In re Complaint as to the CONDUCT OF Nicholas A. DRAKULICH, Accused.
SC 29058.Supreme Court of Oregon.
Argued and Submitted January 31, 1985. Decided July 9, 1985.Richard A. Carlson, Portland, argued the cause and filed the brief for accused.
Patric J. Doherty, Portland, argued the cause for Oregon State Bar. With him on the brief were Dennis R. VavRosky and Rankin, McMurry, VavRosky & Doherty, Portland.
Before PETERSON, C.J., and LENT, LINDE, CAMPBELL, ROBERTS and CARSON, JJ.
PER CURIAM.
This attorney discipline case presents the same issue decided this date in In re Chase, 299 Or. 391, 702 P.2d 1082 (1985), *1098 that is, whether the conviction of the attempted possession of a controlled substance (cocaine) is a misdemeanor involving moral turpitude. The Disciplinary Review Board in Chase concluded that the conviction was for a crime involving moral turpitude but in this case the Disciplinary Review Board concluded that it was not.

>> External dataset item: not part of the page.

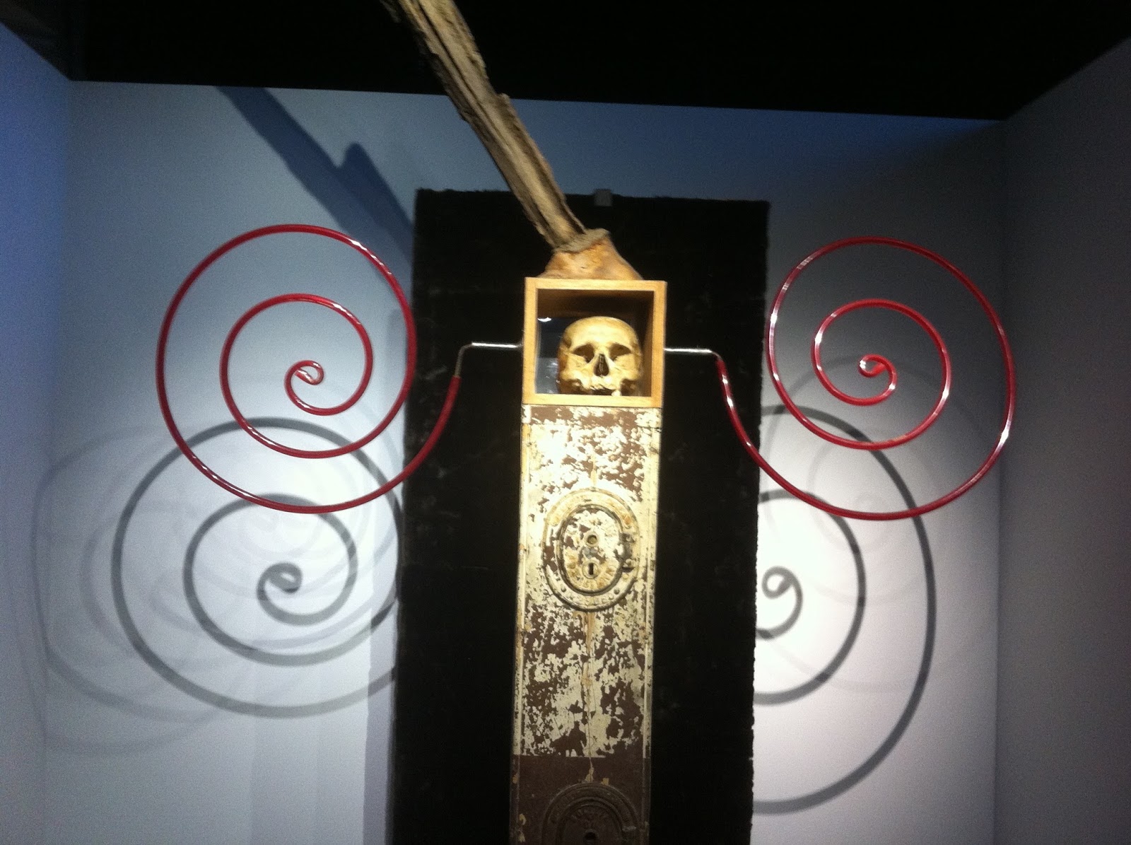 The exhibition tries to show how artworks are often methods of connecting us with powers and presences beyond our worldly sense. We see Jean-Jacques Lebel ‘Radio Momo’ intended to reach the dead. Lebel had chosen to add two aerials to a real scull, as an altar that is to talk to the dead Antonin Artaud, but brought alive by his own work of art. For Lebel, are is a form of ‘telepathy interposed by work’ (although Artaud never yet has spoken into the instrument)

It is not necessary to set out the facts of this case because, as we decided in Chase, the facts and circumstances of an individual case are not significant in determining whether a crime involves moral turpitude under ORS 9.527(2). We look only to the record of the conviction.
For the reasons stated in Chase, we hold that the accused's conviction of attempted possession of a controlled substance is not a crime involving moral turpitude.
Complaint dismissed.
PETERSON, Chief Justice, dissenting.
I dissent for the reasons stated in my dissenting opinion in In re Chase, 299 Or. 391, 702 P.2d 1082 (1985), also decided this day.

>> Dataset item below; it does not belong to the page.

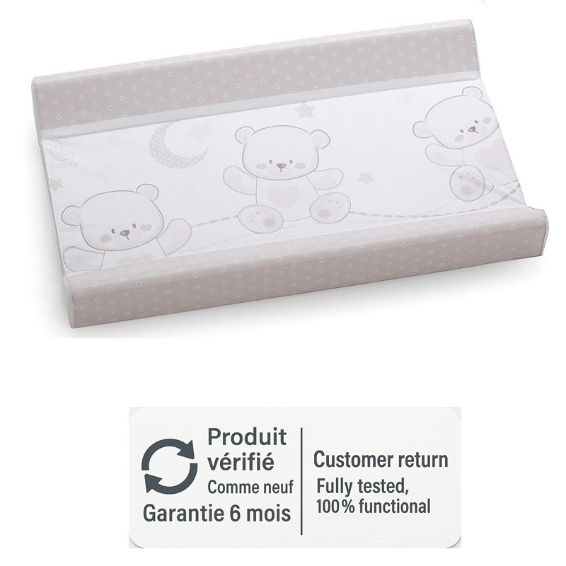 🔄 Produkt kontrollerad - med defekt - 3 månaders garanti Artikel returnerad (indragning, små defekter, skadad eller saknad förpackning). Testad, 100% funktionell. Nattou Softy skötbordsmatta 50x70 cm, taupefärgad. Synlig defekt under madrassen, ingen påverkan på användningen. Mjukt, tvättbart PU-skum.

LENT, Justice, dissenting.
The accused was charged with possession of cocaine after security officers at Multnomah Kennel Club observed the accused in the parking lot apparently "snorting" a substance later identified as cocaine. Apparently as the result of plea bargaining, the accused was allowed to plead guilty to attempted possession of cocaine. The charade is transparent.
I dissent for the same reasons (other than those concerned with veracity) that I have dissented in In re Chase, 299 Or. 391, 702 P.2d 1082 (1985), decided today.